The Cornette Library unveiled an exhibit in late August, the first of three that will open over the academic year, celebrating the building’s 50th anniversary. The current exhibit is a peek into the past when the library was housed in the Old Main Administration building. The second exhibit will look back to when the library was housed in what is now the eastern portion of the Panhandle-Plains Historical Museum, and the third will illustrate the Cornette Library as it was when it opened in 1974.
Special Collections and University Archives Librarian Sidnye Johnson moved books into the Cornette Library when it opened nearly 50 years ago.
“It was so open, and it had the skylight,” Johnson said. “There were full trees in the atrium, and it was just so open and modern seeming.”
Johnson was a student worker in the University’s library in the late ‘60s.
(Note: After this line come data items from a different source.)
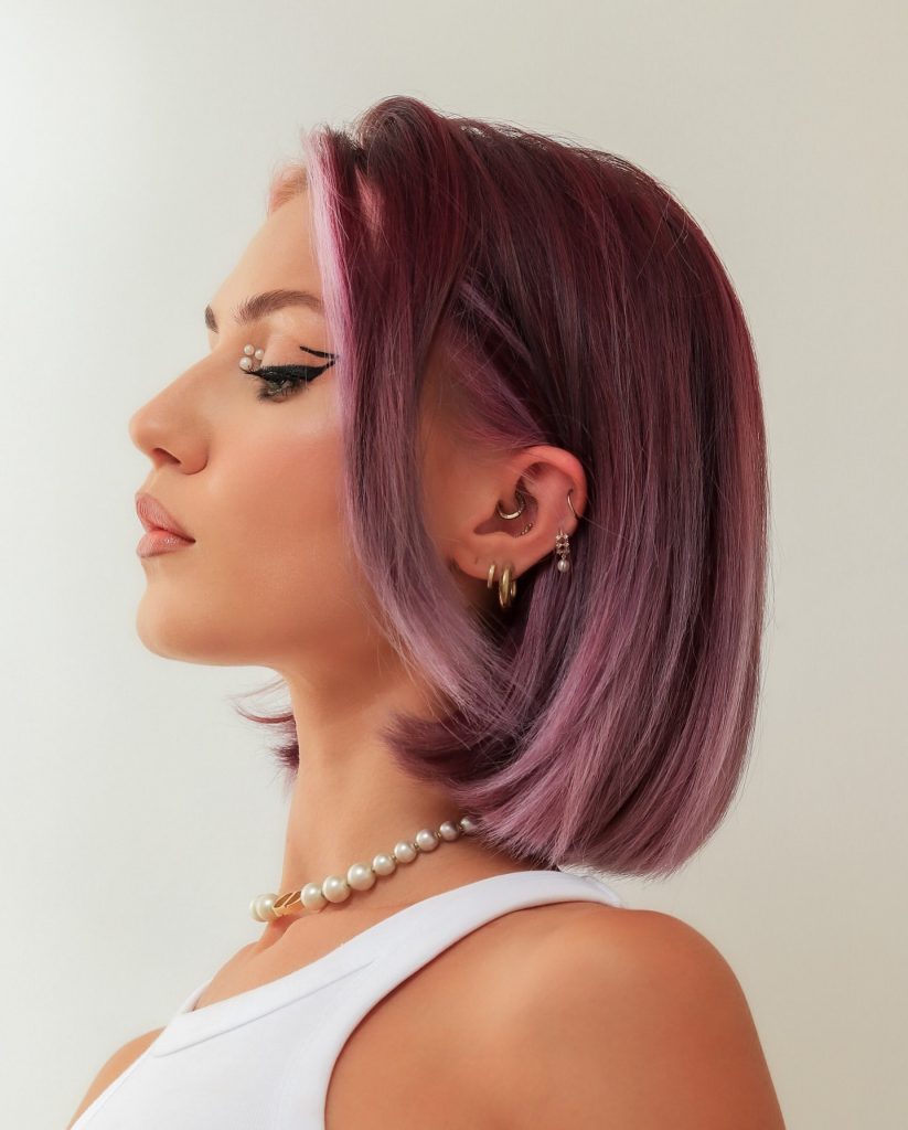 This chic purple bob combines shades of muted lavender and dusty rose, creating a sophisticated yet playful look. The layered tones add depth, giving it a unique appeal that’s perfect for those seeking a modern and stylish color. This look is especially flattering on short hair and complements cool undertones beautifully. The subtle blend of purples suits both for brunettes and lighter hair bases, offering a natural pastel finish that’s trendy without being overpowering. It’s an ideal style for someone looking for a fun but elegant change.
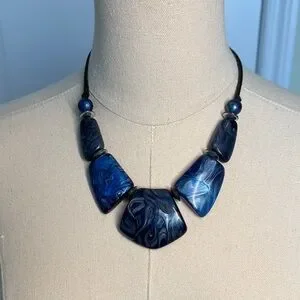 This elegant blue statement necklace adds a touch of sophistication to any outfit. Perfect for any occasion.
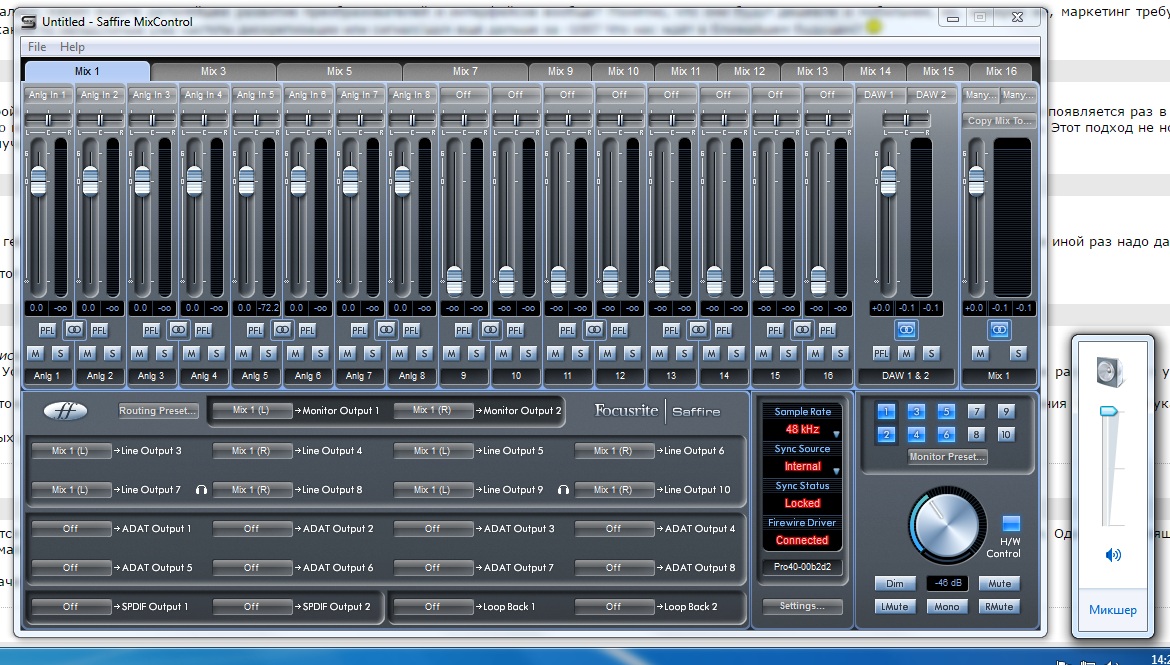 объясню, как смогу. А если что, то допишу, что будет необходимо. Проблема в следующем. Как-то раз, звук стал в три раза тише! Просто стал тише и все. Проверил Микс контрол - там все в порядке. Проверил микшер громкости виндоус - все в порядке. Посмотрел тыльные части моников - все в порядке. Но звук стал в 3 раза тише. Переустановил винду, она уже изрядно тупила. Думал проблема уйдет, но нет. Если вы мне не поможете, буду с гуглом транслитом писать в службы поддержки Focusrite и KRK. Прикреплю скриншеты и фото, с крутилками, на которых когда-то было все в полном порядке, нежели сейчас. В чем может быть проблема?
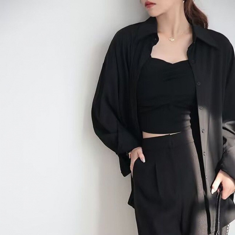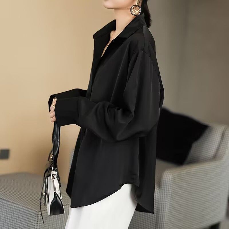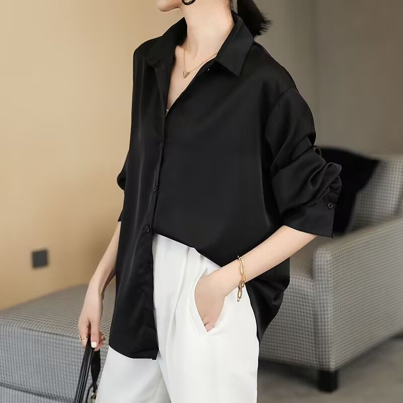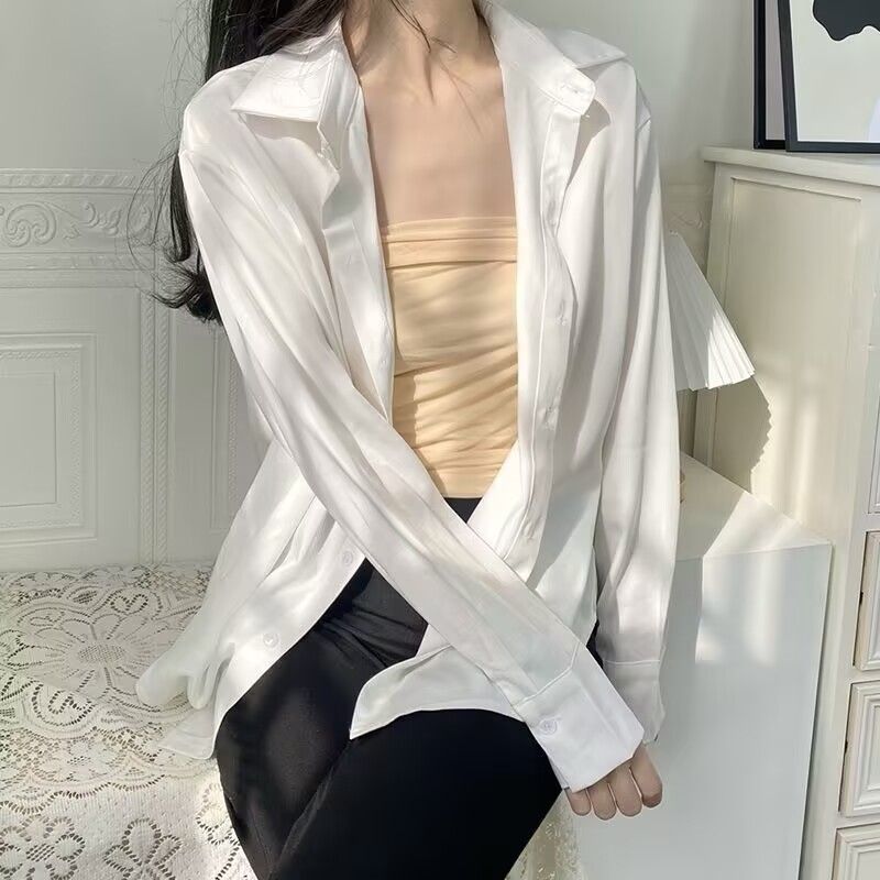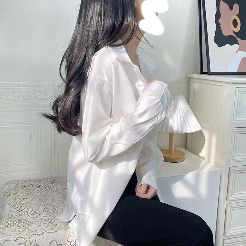 夏季冰丝白色衬衫女垂感感抗皱轻奢质感长袖防晒衣防紫外线衬衣

She left in 1975 and returned to the Cornette Library in 1996. Johnson witnessed firsthand how libraries changed with the internet.
“One thing, it was much faster, and you had access to so much more,” Johnson said. “And then, you had to wait for it to be mailed in the mail-mail from somewhere. So, it might be a week or two before you got something and now it might be a day or two.”
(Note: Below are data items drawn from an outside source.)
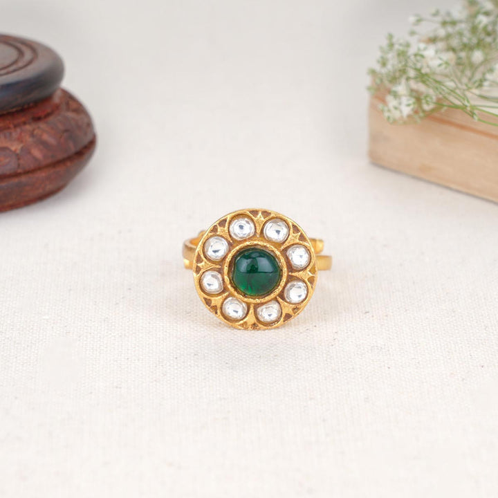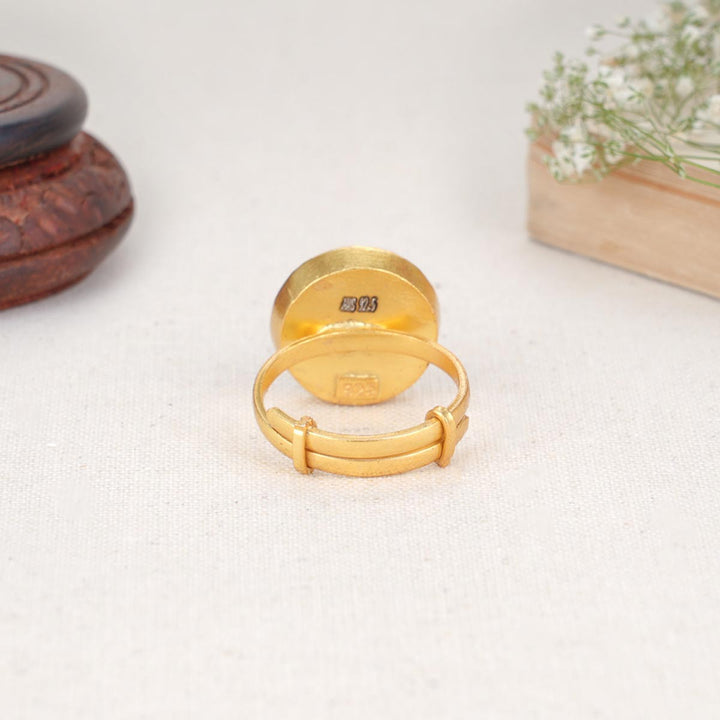 This 92.5 Silver, 24 kt Gold-Plated Ring is adorned with Semi-precious Kundan Stones for a luxurious aesthetic.
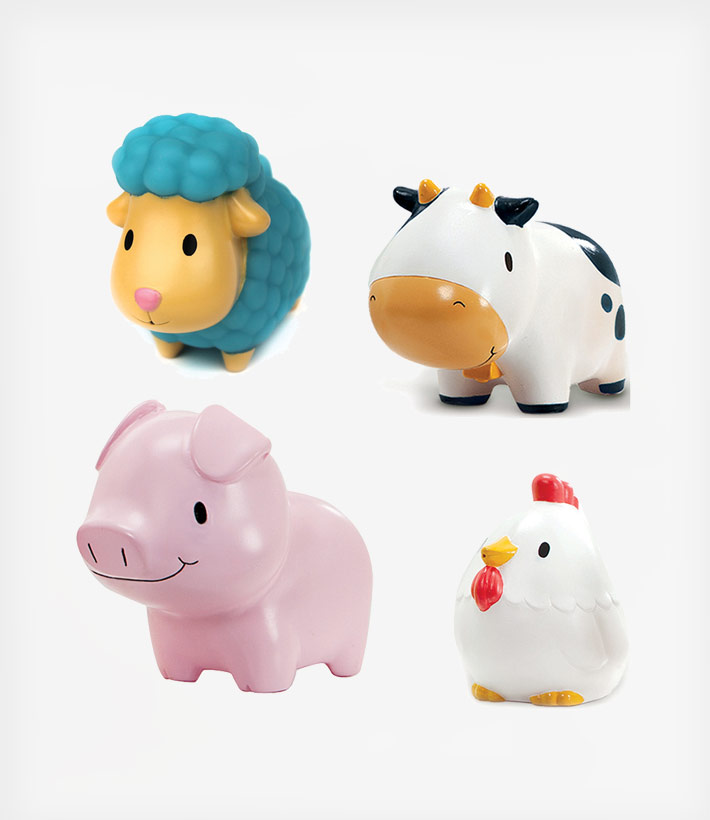 • Περιλαμβάνονται 4 ζωάκια που πιτσιλίζουν και επιπλέουν (αγελάδα, πρόβατο, κότα και γουρούνι)
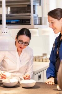 Anne-Sophie Pic et ses équipes ont conçu au Pic Lab des recettes adaptées à l’espace, alliant saveurs intenses et textures stables en apesanteur, tout en respectant les terroirs. En partenariat avec Servair, elles concilient gastronomie et contraintes techniques : conservation, stérilisation, apesanteur, sans sacrifier l’émotion du goût.
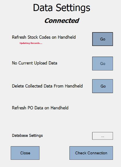 You will then see the message ‘Updating Records....’ (under Refresh Stock Codes on Handheld’ text).

In the Jan. 23, 1974, issue of The Prairie, Staff Writer Mike Vineyard described the library’s structure as having, “a typing room where pay electric typewriters are available, smoking areas on each floor and a snack area on the second floor.” Past issues of The Prairie, now The Prairie News, are housed in the library’s archives, and issues from 1919 to 1950 are available on WT’s digital repository.
Patrick Diepen, a library archivist, said that the Cornette Library “has generally been on the cutting edge of what information science has to offer.”
“In one of our upcoming exhibits, you’ll be able to see our first Xerox printer where you could make copies of something in the ‘70s; it was very minimally computer run, you didn’t get to see what you’re copying beforehand,” Diepen said. “For the time, it was practically rocket science.”
Many rare books have been donated to the Cornette Library’s archives since WT’s inception, including a 1604 Latin book called “Seneca,” a first edition of Nathaniel Hawthorne’s “The House of the Seven Gables,” and a book written by Francis Scott Key, author of the text of The Star-Spangled Banner.
“And I didn’t read this until just a few years ago,” Johnson said. “We all hear that it was written, you know, he was waiting and so he wrote it while he was waiting, but to read the actual event happening is so, so cool and so much more meaningful, I think.”
The Cornette Library’s 50th-anniversary celebration will last the entire academic year.
“Keep an eye on the library social media pages for updates about how we’re celebrating because there are going to be other things throughout the rest of the academic year,” Diepen said. “We want you to know about the history of the library; we want you to understand the ways in which it’s changed.”
The present Cornette Library has many resources to offer, including research and faculty papers, governance documents, Panhandle-Plains Historical Reviews and interlibrary loan, which gives students access to any library with a mailing system.